Cinéma. Le film franco-égyptien Dounia continue à faire des vagues. Son interdiction pour la deuxième semaine consécutive relève, en apparence, d’un différend administratif.

Affaire Dounia (suite)

Avec le long métrage Dounia, qui aborde l’excision en Egypte, la réalisatrice libanaise Jocelyne Saab a frappé fort depuis sa diffusion, en 2005, dans le cadre du Festival du cinéma du Caire. Débat, incompréhension, colère … un véritable tollé secoue encore une fois la scène artistique depuis l’annonce de la sortie du film en salle il y a quinze jours suite au report de sa projection jusqu’à nouvel ordre.

La raison du délai, du moins celle qui a été annoncée officiellement, est comme suit : la réalisatrice, étant étrangère, est censée payer la somme de 20 000 dollars à l’Union égyptienne des syndicats afin de pouvoir projeter le film en salle.

Pour sa part, la réalisatrice a refusé de payer, disant que « cette condition sine qua non » n’est qu’un prétexte pour entraver la sortie du film, déjà diffusé sans problème en Palestine. Elle a été encore plus loin, faisant allusion au fait que le film serait la proie d’un « complot ».

La Société arabe, responsable de sa distribution en Egypte, a refusé également de verser la somme susmentionnée, en dépit de la large campagne publicitaire qu’elle avait déjà lancée au profit de la fiction en question et de l’album renfermant les chansons du film, interprétées par Mohamad Mounir. « Notre société a déjà payé 70 000 L.E. à la douane pour faire entrer les copies du film, et en tant que distributeurs, nous n’avons pas à payer ce que la productrice doit régler aux parties concernées », affirme Abdel-Guélil Hassan, attaché de presse de la société de distribution.

Les fans du chanteur Mohamad Mounir, principal interprète masculin, avaient manifesté la semaine dernière devant quelques salles de cinéma au Caire, pour « exprimer leur refus quant à l’interdiction du film ». Omar Al-Minyawi, fondateur du Groupe des fans de Mohamad Mounir sur Internet, s’indigne : « Nous attendions le film impatiemment depuis sa projection il y a un an au Festival du film du Caire. Nous sommes choqués que son interdiction relève de causes bureaucratiques ».

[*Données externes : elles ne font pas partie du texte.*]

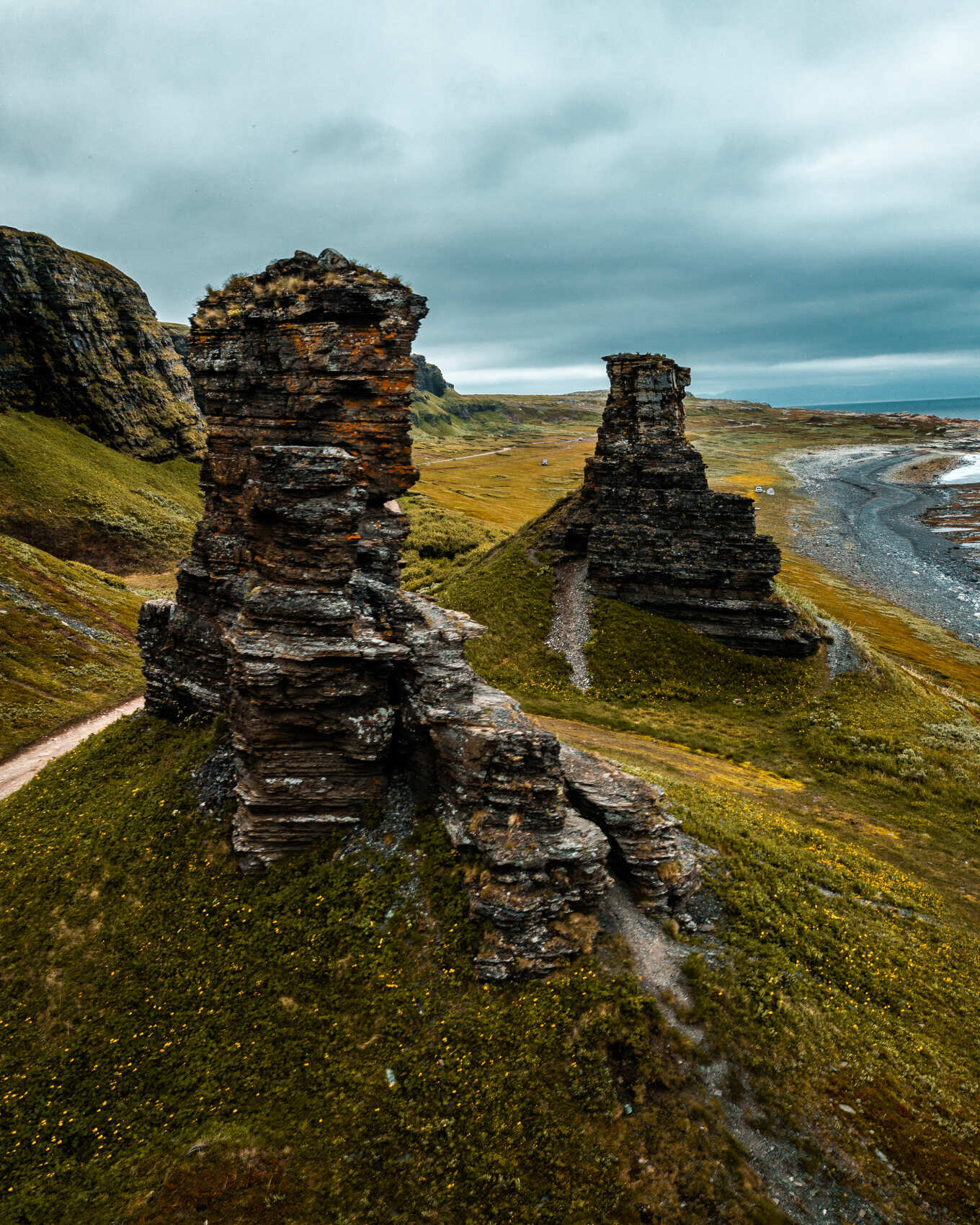 Мыс Кекурский выглядит действительно очень эпично. Фактически это сильно выделющийся на фоне остального рельефа хребет, уходящий под воды Баренцева моря. Можно иногда услышать, как это место называют Армагеддоном из-за сокрушительных осенних штормов, когда волны достигают верхушки прибрежного скального хребта.

Même son de cloche chez certains critiques qui ont trouvé dans cette décision « un chantage de la part de l’Union égyptienne des syndicats artistiques afin de gagner une poignée de dollars ». Achraf Sobhi réitère : « Ce sont ces mesures abusives qui font fuir les cinéastes étrangers, qui préfèrent tourner, coproduire et diffuser leurs films ailleurs, notamment dans le Maghreb ».

De son côté, Al-Sayed Radi, président de l’Union des syndicats artistiques, souligne que « ce sont des procédures officielles que l’Union impose aux producteurs et créateurs étrangers. Ne pas payer ladite somme rend la projection impossible ».

A travers l’histoire de la jeune danseuse Dounia (interprétée par la comédienne, aujourd’hui voilée, Hanane Tork), le film s’attaque à la censure sociale, à la tradition de l’excision des filles et au rapport homme-femme. Il ne se contente pas de dénoncer cette pratique barbare, mais attire aussi l’attention sur une autre excision plus large, celle du monde intellectuel arabe qui, par conformisme ou par peur, voile sa propre histoire et se replie sur ses tabous.